Mikha kembali membolakan matanya mendengar ucapan Alka yang mengajaknya menikah dan bercerita tentang cewek yang mencium dirinya.
"Apa Al, menikah? Apa kamu yakin kita dengan omonganmu itu Al, menikah harus di pikirkan matang-matang Al, bukan seperti membalikkan telapak tangan, tentang cewek itu kamu sebagai laki-laki bukannya malah senang di cium cewek ya Al," Mikha terkekeh.
"Senang kalo ceweknya itu kamu Kha, dengan sukarela aku kasih semuanya ke kamu,"
Wajah Mikha sudah merona jelas memerah seperti tomat mateng.
"Loh kok malah aku sih Al, kan yang di bahas cewek yang dijodohkan denganmu,"
"Sudah gak usah bahas cewek itu lagi, aku mau bahas kamu aja,"
"Al, aku baru tau kamu jago ngegombal loh,"
"Mana ada aku jago ngegombal Kha, jadi gimana jawabannya?
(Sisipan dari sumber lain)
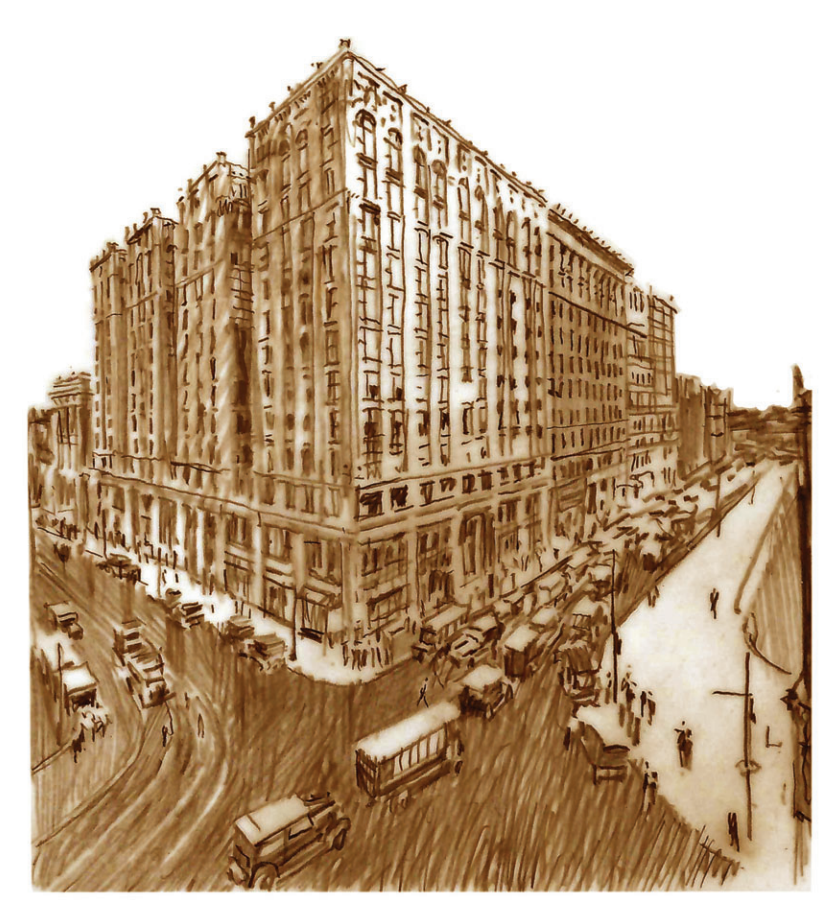
The Little Building, at the intersection of Boylston and Tremont Streets, leased the office of the Charles and Simeon Shribman booking agency.

Sebelum ada yang serobot lagi loh,"
"Aku akan menjawabnya tapi nanti ya, Al, aku pasti akan menjawabnya tapi bukan sekarang okeyy?"
"Nanti kapan Kha?"
"Pokoknya nanti ya Alka, terimakasih udah ditraktir makan siang,"
"Ya sudah aku tunggu jawabannya, jangan jawab yang mengecewakan hatiku ya Mikha cantik,"
Mikha semakin tersipu malu.
"Diiiihh, maki pinter aja ngegombalnya,"
Alka tertawa lebar bebannya seakan hilang bisa bersama dengan gadis pujaan hati yang sudah dianggapnya sebagai kekasih.